Correctly encode your binary responses.

Decode $c->params()

In Catalyst: Catalyst::Plugin::Unicode::Encoding

Page 15: Understand unicode & utf8 in perl (2)

Common outside worlds: Your own

Every time you communicate with a system, you will send/receive bytes. Never strings.

Think about encoding/decoding your strings to/from bytes, according to what your system expects/provides.

Sometime, it's done automagically through some library options.

Page 16: Understand unicode & utf8 in perl (2)

Bug avoiding guidelines.

Test everything with Unicode characters.

English keyboard? chartables.de, unicode lorem ipsum.

Unit test => "\N{U+262D}"

Never i/o strings. Never. i/o is about bytes. Choose encodings explicitly.
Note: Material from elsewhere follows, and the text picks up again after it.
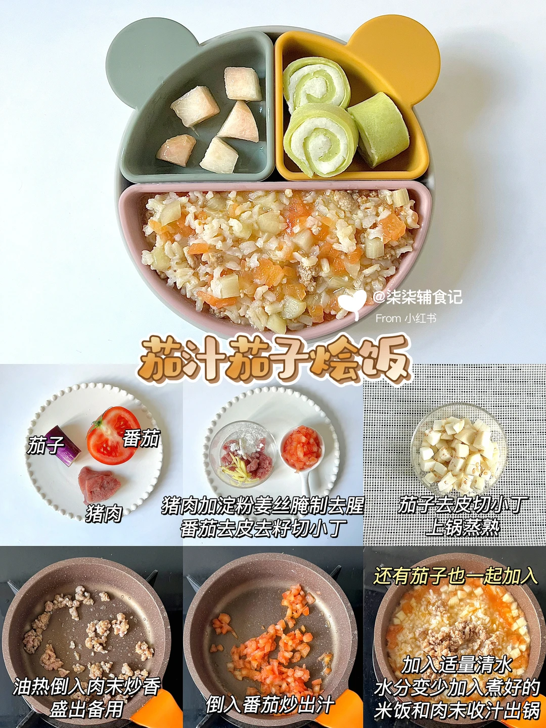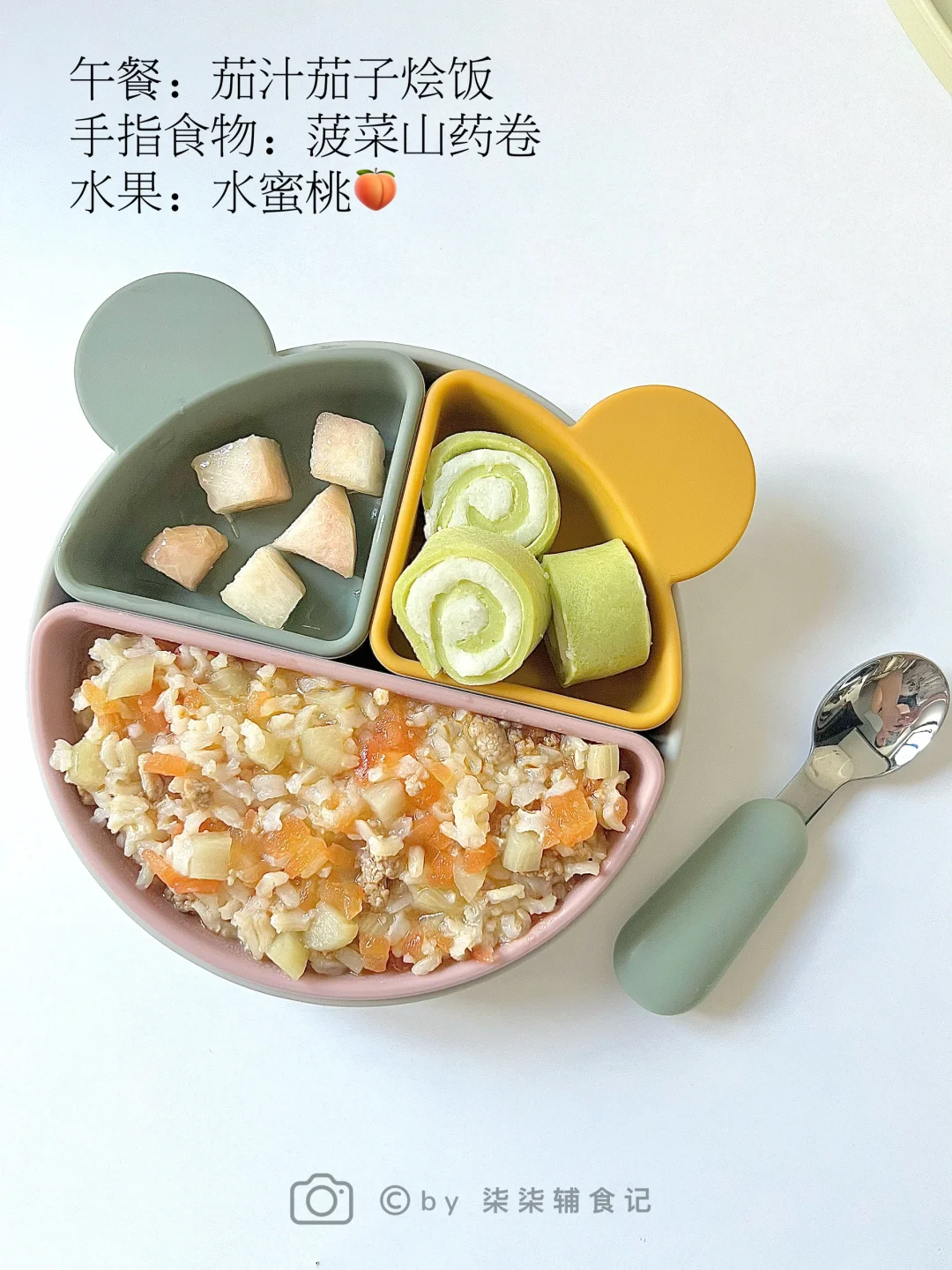 午餐茄汁茄子烩饭和菠菜山药卷,烩饭的茄子可以先蒸熟,蒸熟后可以翻炒一下也可不炒直接和米饭一起加入煮熟就可以啦,菠菜山药卷配方×2可以做2卷,也不用愁着蛋清要怎么处理😄

Page 17: Understand unicode & utf8 in perl (2)

Bonus: Escaping

What if you want to represent your nice shiny UTF8 bytes as part of something else?

You need to escape them!

Example in URI, escaping parameters: (URI::Escape):

http://foo.com/?q=%E2%98%AD

Page 18: Understand unicode & utf8 in perl (2)

Bonus: Escaping for email headers

Encode AND Escape for Email subjects (Encode with MIME-Q):

Encode::encode('MIME-Q', "a\N{U+262D}c");

=?UTF-8?Q?a=E2=98=ADb?=

It encodes and escapes at the same time. Beware of confusion.

Keep string for as long as you can.

Page 19: Understand unicode & utf8 in perl (2)

Conclusion

Make sure you make a difference Strings and Bytes. In Perl, it must come from discipline.

Make sure you always encode/decode on i/o as explicitly as possible. Don't let confused others confuse you.

Always wonder: What does this thing operates on. Bytes or Strings? In doubt, investigate.